Complete with assembler, disassembler, debugger and video terminal implementations.
See http://0x10c.com/doc/dcpu-16.txt for specification of the CPU.
Notch apparently started doing a 6502 emulator first. Given I did one in
Python it only seems fitting I now
do a DCPU-16 implementation in Python too :-)
## Status
Runs a number of example programs successfully. Should be feature-complete at the CPU level.

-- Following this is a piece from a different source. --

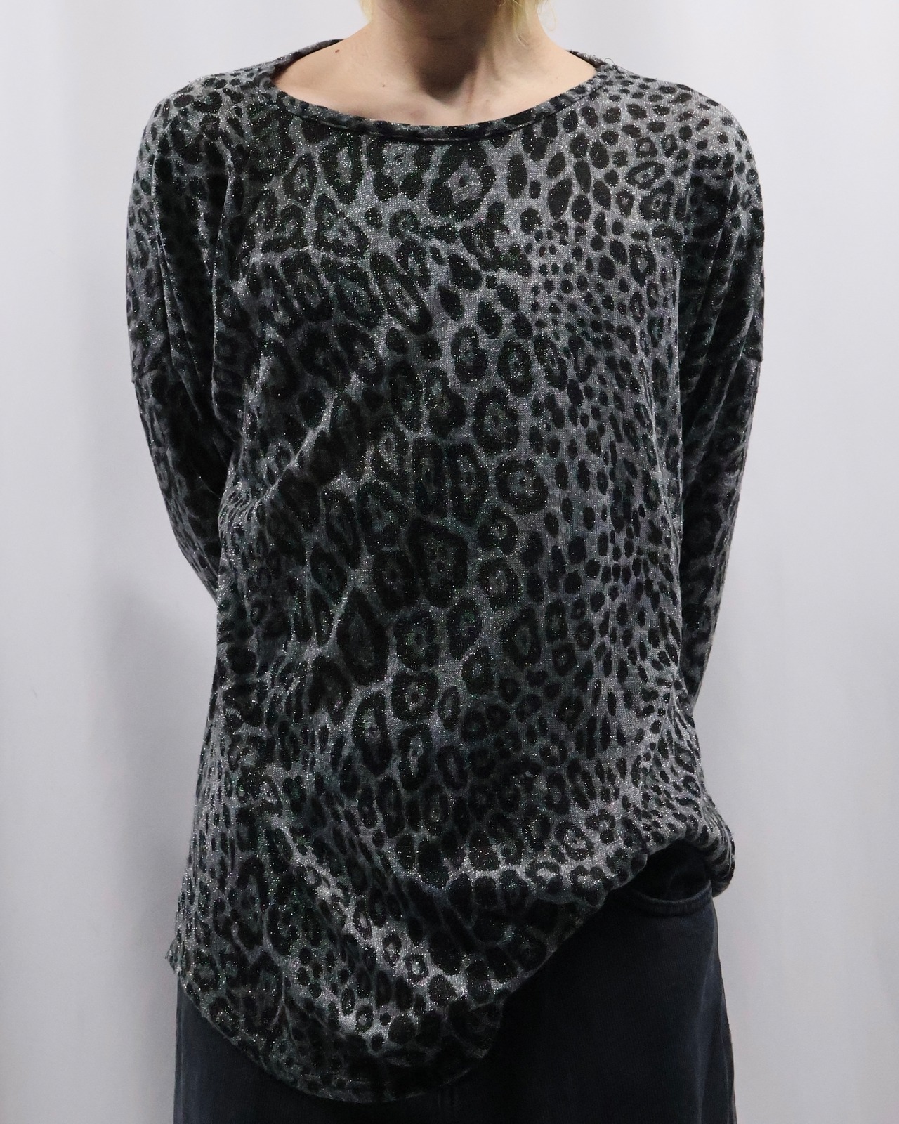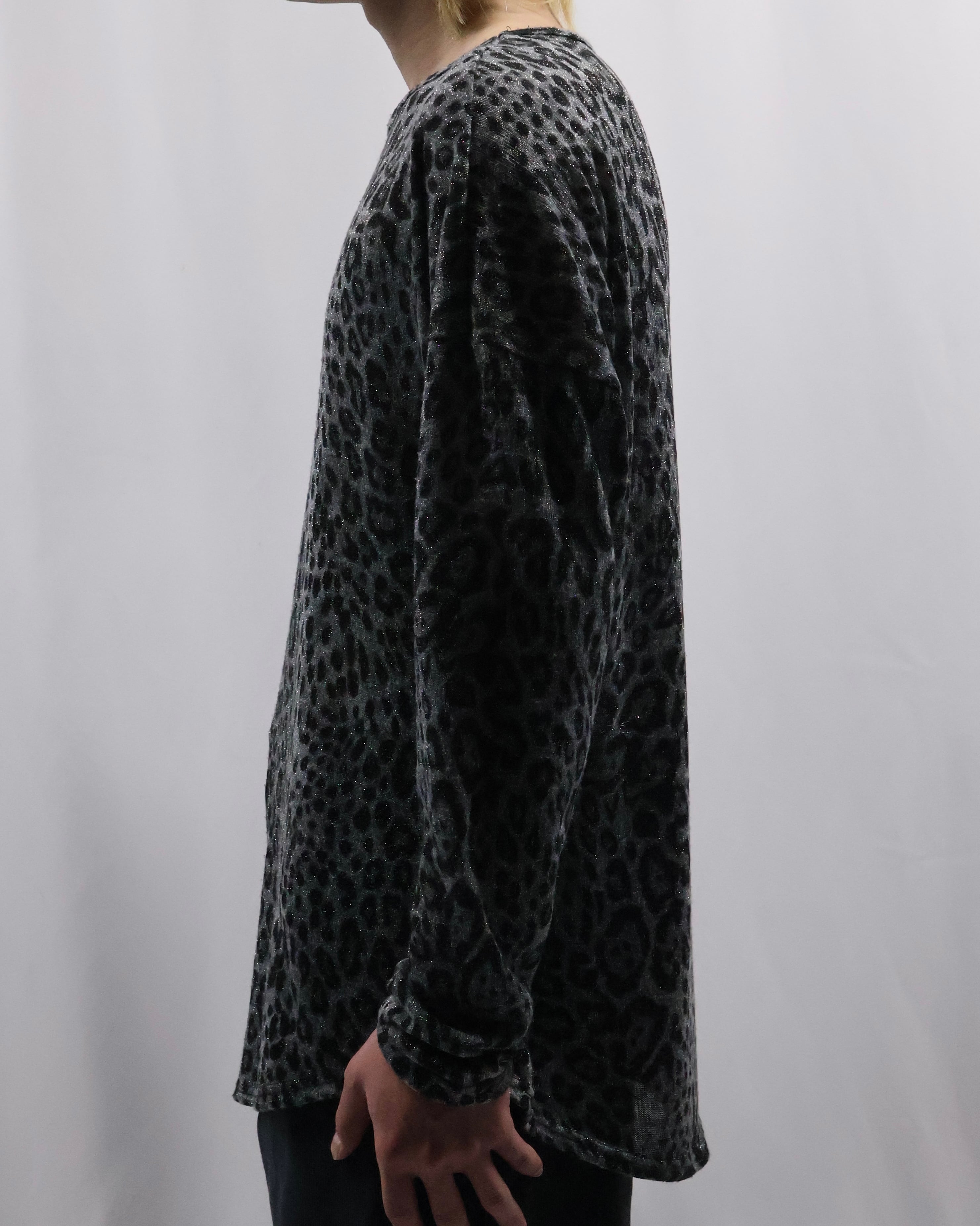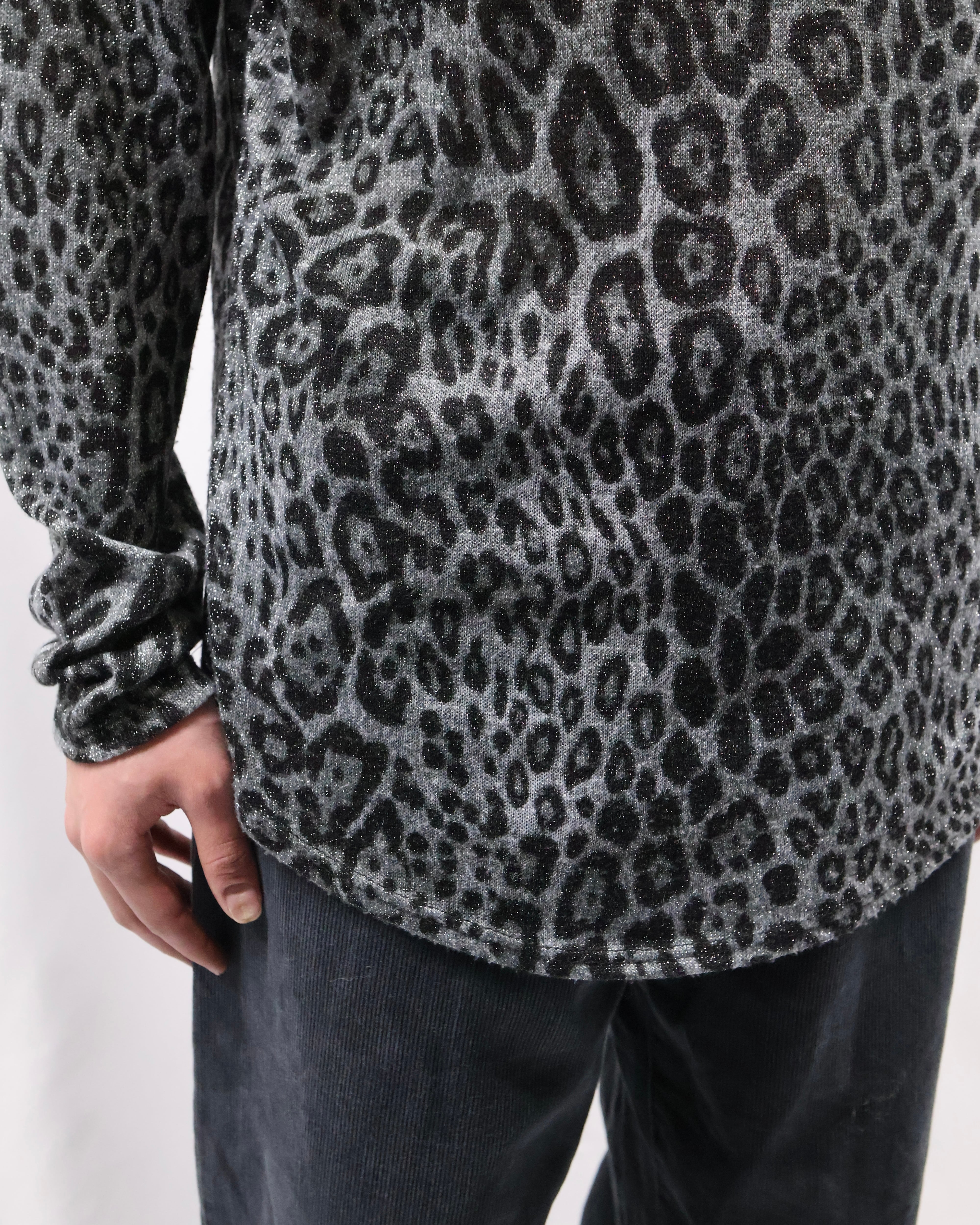 インナーとして優秀なラメとレオパードのデザインがあしらわれたトップス。ラメとレオパードという華美なデザインをダークトーンで表現することで、ファッション性は高く、合わせやすさも考慮されたファッションできる一枚。

A dissassembler and (two) assemblers are also included as well as the emulator. The emulator
includes a debugger.
* `./asm.py example.dasm16 example.obj` will assemble Notch's example to object code
* `./disasm.py example.obj` will disassemble the given object code
* `./dcpu16.py example.obj` will execute it (but won't show anything without extra options)
There is also an experimental pyparsing-based assembler `./asm_pyparsing.py`
contributed by Peter Waller. You'll need to `pip install pyparsing` to run it.
`./dcpu16.py` takes a number of options:
* `--debug` runs the emulate in debug mode, enabling you to step through each instruction
* `--trace` dumps the registers and stack after every step (implied by `--debug`)
* `--speed` outputs the speed the emulator is running at in kHz
* `--term TERM` specifies a terminal to use for text output (`null`, `debug`, `curses`, `pygame` or `qt`)
I'm working on an operating system for the DCPU-16 at
[https://github.com/jtauber/dcpu16os](https://github.com/jtauber/dcpu16os) and also plan an
implementation of Forth at some point.